Bioinformatics. 2024 Feb 1;40(2). doi: 10.1093/bioinformatics/btae033.
Phosphorylation, a post-translational modification regulated by protein kinase enzymes, plays an essential role in almost all cellular processes. Understanding how each of the nearly 500 human protein kinases selectively phosphorylates their substrates is a foundational challenge in bioinformatics and cell signaling. Although deep learning models have been a popular means to predict kinase-substrate relationships, existing models often lack interpretability and are trained on datasets skewed toward a subset of well-studied kinases.

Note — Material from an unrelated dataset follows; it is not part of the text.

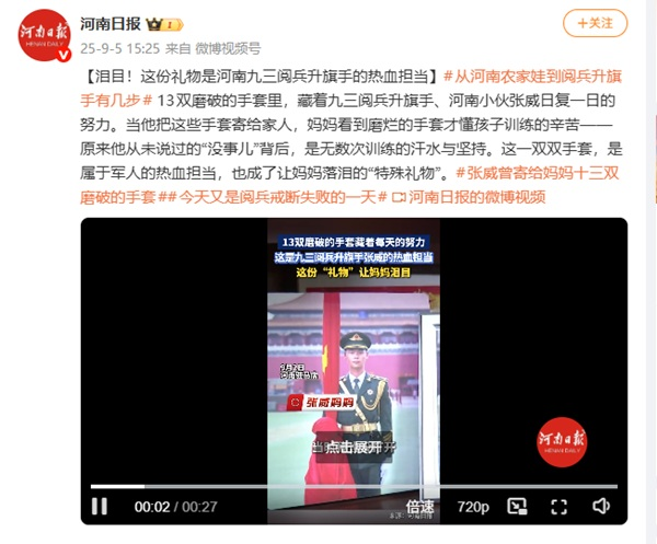 万次磨砺铸荣光,一双手套见担当。河南日报社此次入选的网络正能量音视频作品,以细腻笔触、温情镜头,讲述了河南小伙张威的热血故事,让家国情怀与亲情暖意撞个满怀。作为纪念中国人民抗日战争暨世界反法西斯战争胜利80周年阅兵式升旗手,张威在严苛的训练中,用汗水浇灌使命,用坚持诠释忠诚,硬生生磨破13双手套,以万次精准无误的“展旗”“收旗”练习,践行着护卫国旗的铮铮誓言。视频中,当母亲看到儿子磨破的手套而泪水浸湿眼眶,这一瞬间,大国仪仗的荣光与普通家庭的温情交融共生,直抵人心,网友热评:“这是热血担当,更是最珍贵的礼物。”

Here we leverage recent peptide library datasets generated to determine substrate specificity profiles of 300 serine/threonine kinases to develop an explainable Transformer model for kinase-peptide interaction prediction. The model, trained solely on primary sequences, achieved state-of-the-art performance. Its unique multitask learning paradigm built within the model enables predictions on virtually any kinase-peptide pair, including predictions on 139 kinases not used in peptide library screens. Furthermore, we employed explainable machine learning methods to elucidate the model's inner workings. Through analysis of learned embeddings at different training stages, we demonstrate that the model employs a unique strategy of substrate prediction considering both substrate motif patterns and kinase evolutionary features. SHapley Additive exPlanation (SHAP) analysis reveals key specificity determining residues in the peptide sequence. Finally, we provide a web interface for predicting kinase-substrate associations for user-defined sequences and a resource for visualizing the learned kinase-substrate associations.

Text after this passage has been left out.